Answer
The graph of $y=4x^{2/5}-2x$ does not have any vertical tangents anywhere.
Work Step by Step
$$y=f(x)=4x^{2/5}-2x$$
a) The graph is enclosed below. It does not seem to have any vertical tangents, even at the origin, because as we see from the introduction that the graph of $y=x^{2/3}$ does not have a vertical tangent at the origin.

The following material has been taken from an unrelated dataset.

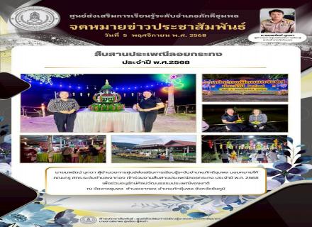 วันที่ 5 พฤศจิกายน 2568 นายนพรัตน์ มุกดา ผู้อำนวยการศูนย์ส่งเสริมการเรียนรู้ระดับอำเภอภักดีชุมพล มอบหมายให้บุคลากรศูนย์ส่งเสริมการเรียนรู้ระดับอำเภอภักดีชุมพล เข้าร่วมโครงการสืบสานประเพณีลอยกระทง ประจำปีงบประมาณ 2569 และได้กล่าวถวายอาลัย ยืนสงบนิ่งเป็น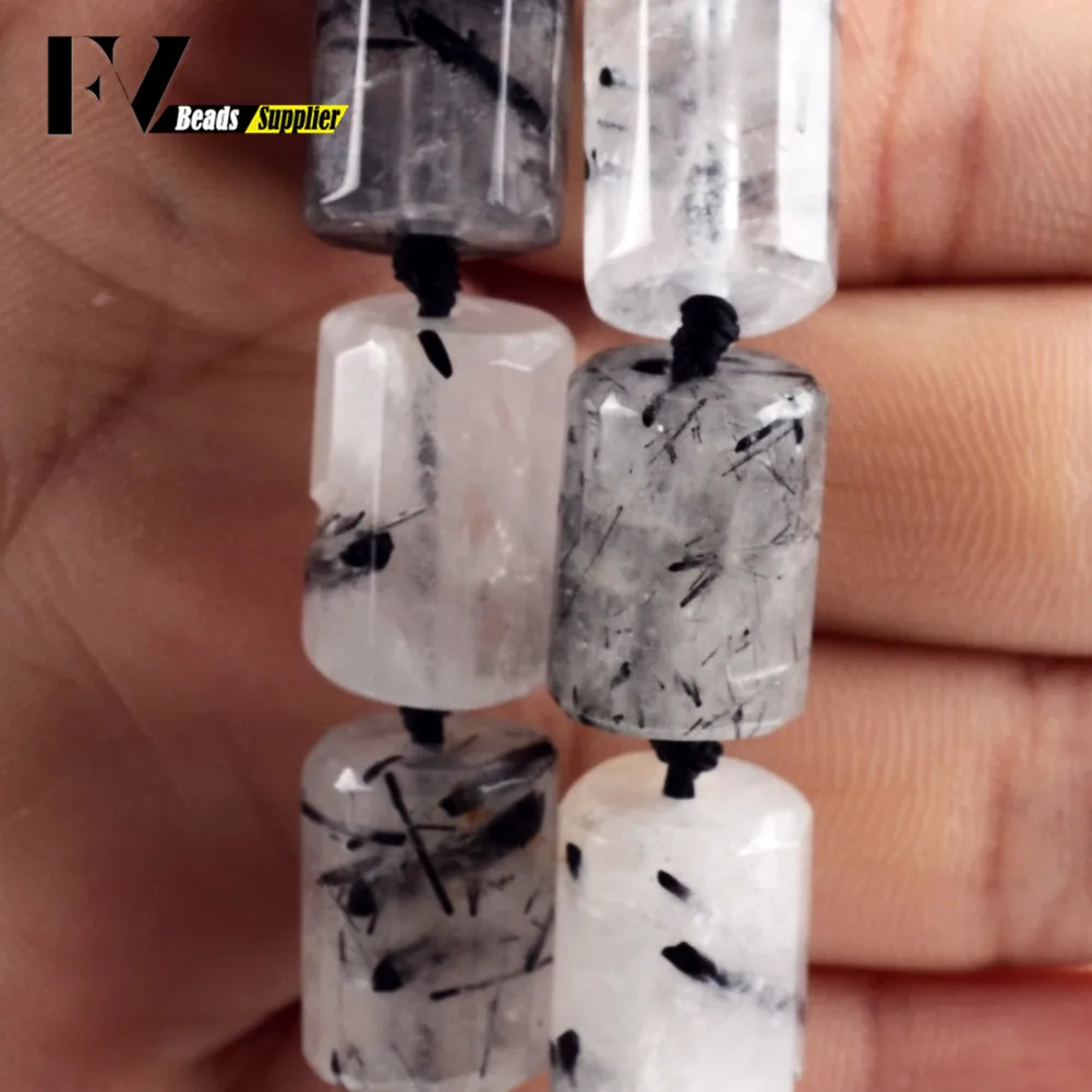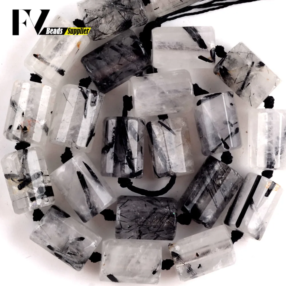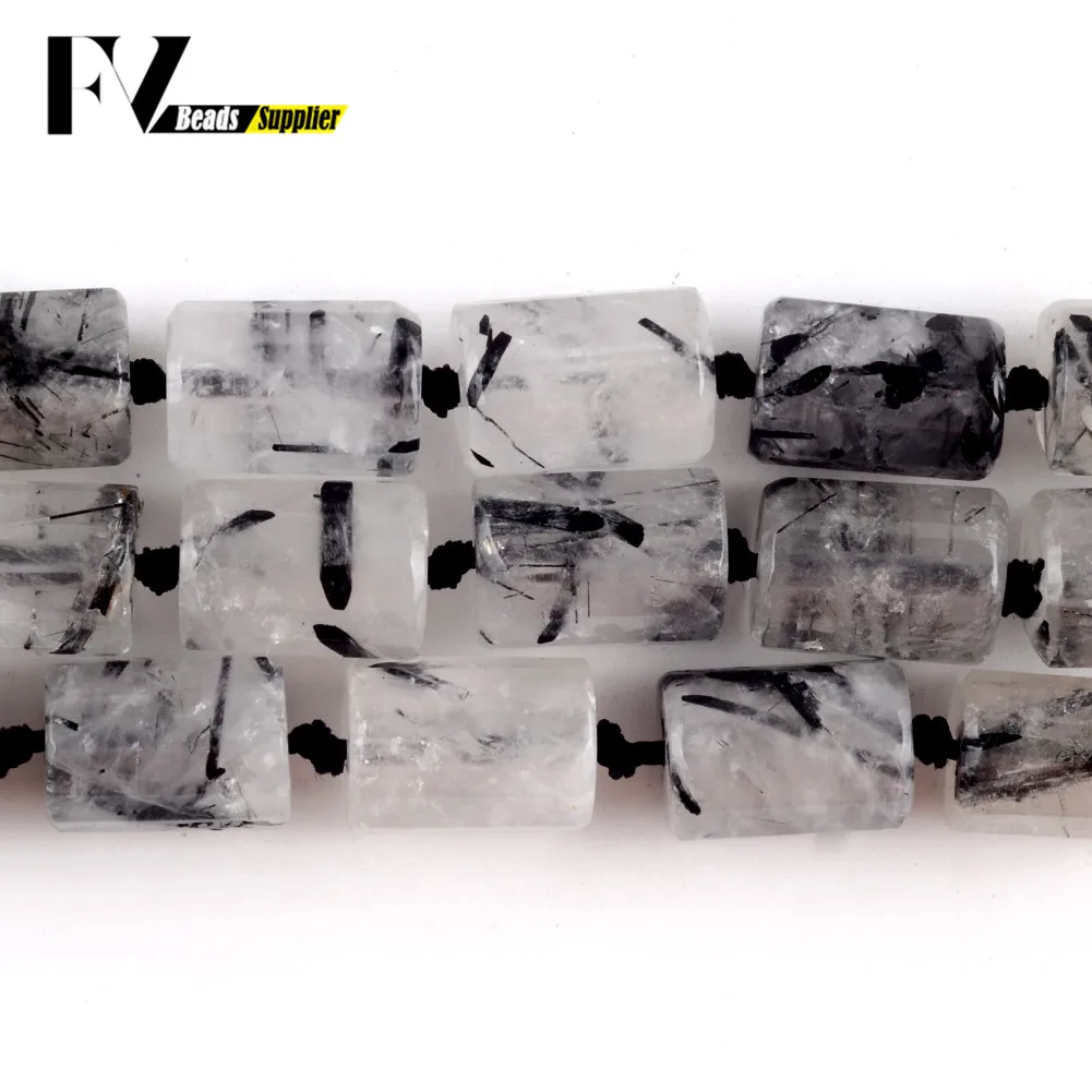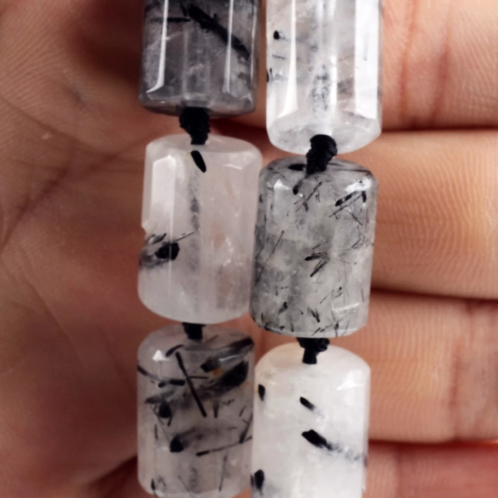 A + натуральный драгоценный камень, граненые черные рутилированные кварцевые бусины в форме трубки, свободные бусины-разделители для изготовления ювелирных изделий, браслетов и ожерелий своими руками

b) The graph of $f(x)$ has a vertical tangent at $x$ when
1) $f$ is continuous at $x$
2) $$f′(x)=\lim_{h\to0}\frac{f(x+h)−f(x)}{h}=\pm\infty$$
Here, we can see that:
$$f′(0)=\lim_{h\to0}\frac{f(h)−f(0)}{h}=\lim_{h\to0}\frac{(4h^{2/5}-2h)-(4\times0^{2/5}-2\times0)}{h}$$
$$f'(0)=\lim_{h\to0}\frac{4h^{2/5}-2h}{h}=\lim_{h\to0}\Big(\frac{4}{h^{3/5}}-2\Big)$$
As $h\to0^+$, $h^{3/5}\to0^+$, so $\frac{4}{h^{3/5}}\to\infty$ and $\lim_{h\to0^+}(\frac{4}{h^{3/5}}-2)=\infty$
As $h\to0^-$, $h^{3/5}\to0^-$, so $\frac{4}{h^{3/5}}\to-\infty$ and $\lim_{h\to0^-}(\frac{4}{h^{3/5}}-2)=-\infty$
This means $\lim_{h\to0}(\frac{4}{h^{3/5}}-2)$ does not exist. Therefore, as predicted, $f$ does not have a vertical tangent at the origin.